Would be curious if you reproduce the same performance characteristics with native strings.
Note that if you use String(contentsOf:encoding:)
(i.e. pass the encoding explicitly), then it will produce native Strings for UTF8 and ASCII
Ah, I was unaware of the issue. Switching to
func readStringFromFile(theFile: Substring) -> String {
var aStr = ""
let filePath = String(theFile)
let fileManager = FileManager.default
if let fileData = fileManager.contents(atPath: filePath) {
if let fileContentString = String(data: fileData, encoding: .utf8) {
aStr = fileContentString
} else {
print("Failed to convert file data to string.")
}
} else {
print("Failed to read file.")
}
return aStr
}
indeed sped up the String case. Now StringMetadata is only four times faster searching for ASCII, and only six times faster searching for Unicode.
I simplified to:
func readStringFromFile( theFile: Substring) -> String {
let text = try?

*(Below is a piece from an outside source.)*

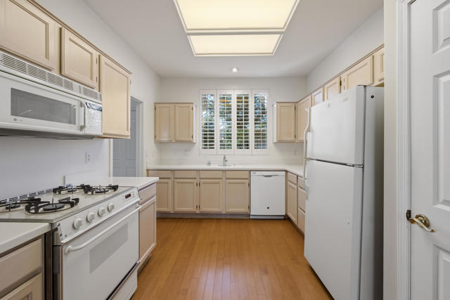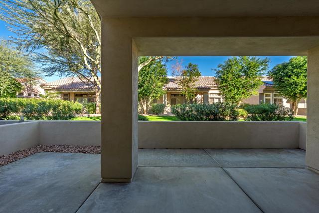 Sun City Palm Desert - Garnet. Ideally located in the heart of Sun City and just moments from both the Mountain View and Sunset View Clubhouses, this sought-after Garnet model offers low-maintenance living with HOA-maintained landscaping, roof, and stucco. The home features a spacious north-facing rear patio overlooking a lush greenbelt, plus a welcoming front courtyard that adds both charm and functionality. Inside, shutters are found throughout, and hardwood flooring extends through most of the home. The living room opens directly to the rear patio through a sliding glass door. The kitchen offers corian countertops and a convenient pantry. The primary suite includes a bay window and mirrored wardrobe closet, along with an ensuite bath featuring dual sinks and a glass-enclosed stall shower. A guest bedroom is served by a full bath with a tub/shower combination. The laundry room is located inside for added convenience. Additional highlights include a spacious two-car garage and a newer AC installed in 2019.
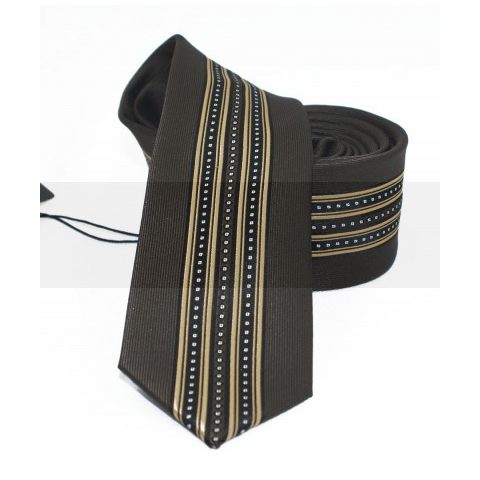 1 kép NM slim nyakkendő - Barna-arany csíkos

String( contentsOf: URL( fileURLWithPath: String( theFile)), encoding: .utf8)
let aStr = text!
return aStr
}
StringMetadata is now 3.5 times faster than String searching for ASCII, 7.5 times faster searching for Unicode, for my application.
If there were a compiler switch to turn this sort of "optimization" on natively, I would use it!
Thanks, guys, for your help!